I have fears of hurting people and being hurt
I have OCD. It's not bad anymore, but I used to fear hurting people, children, and animals...You are now wondering what the h*** I'm talking about...You see, they are not real, but I used to fear that I will become a bad person. It is a phobia that manifested when I was 11, and also includes fears about someone harming me, usually raping me. I found out exactly what it was when I was 18 after 7 years of not knowing what was wrong. I understand now that my problem takes what I fear the most and turns it around. To me, the only thing worse than experiencing bad things, is being the one who commits them...Because a bad person is unforgiveable even if they eventually hate themselves. Sexual violence is the most sick, and so such images often infested my mind. I worry that someone I love will be hurt in such a way and it will be my fault ...I believed that thinking these things meant I was fascinated or sick, because who else had such a problem?

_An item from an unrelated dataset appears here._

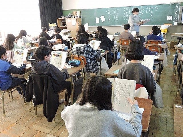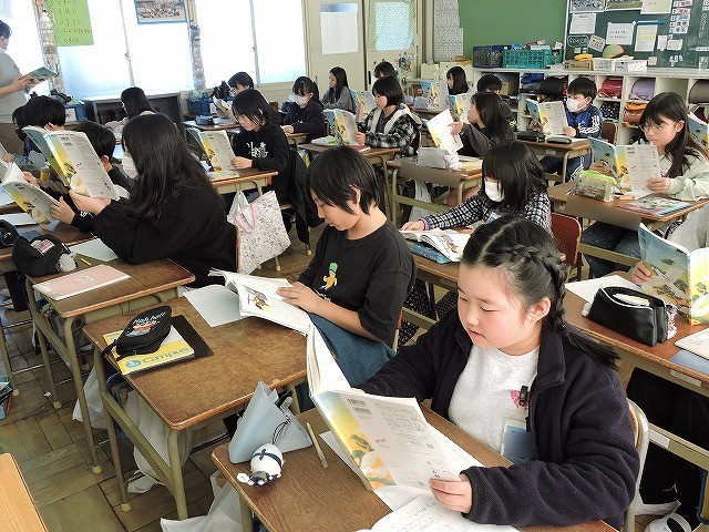 「スワンレイクのほとりで」の読み取りを学習しています。今日の読み取る部分の音読をしています。姿勢をよくすることでよい声で音読できますね。みんな頑張っています。

I found out what it was while reading a book at my school library on psychologial disorders...I was shocked
I wrote about it in a notebook to vent..something I was told would help (I have social anxiety as well)--I was so emotional, angry, and relieved these thoughts were false, but hated that it took so long to find an answer. But that wasn't the end of my problems..I did not find out alone...Someone at school had found my notebook. I don't know who. I stupidly left it under my desk, and when I went back, it wasn't there-gone so fast. I was so depressed thinking about my discovery and began to cry so I rushed to the bathroom, and left somehow forgetting my deepest secret behind for another. I still struggle with fears of going out in public, out of fear of seeing kids from my school since the person may be one of them-they know I'm sick in the head. Ever since finding out however, it slowly went all away on it's own. I still struggle with being around people, mostly out of guilt of them not knowing---I've blocked out my friends, and those I meet, I break contact with. If you think I'm sick...I accept that, because I find it true. I just needed to tell someone who I am...Cause I will never do this again.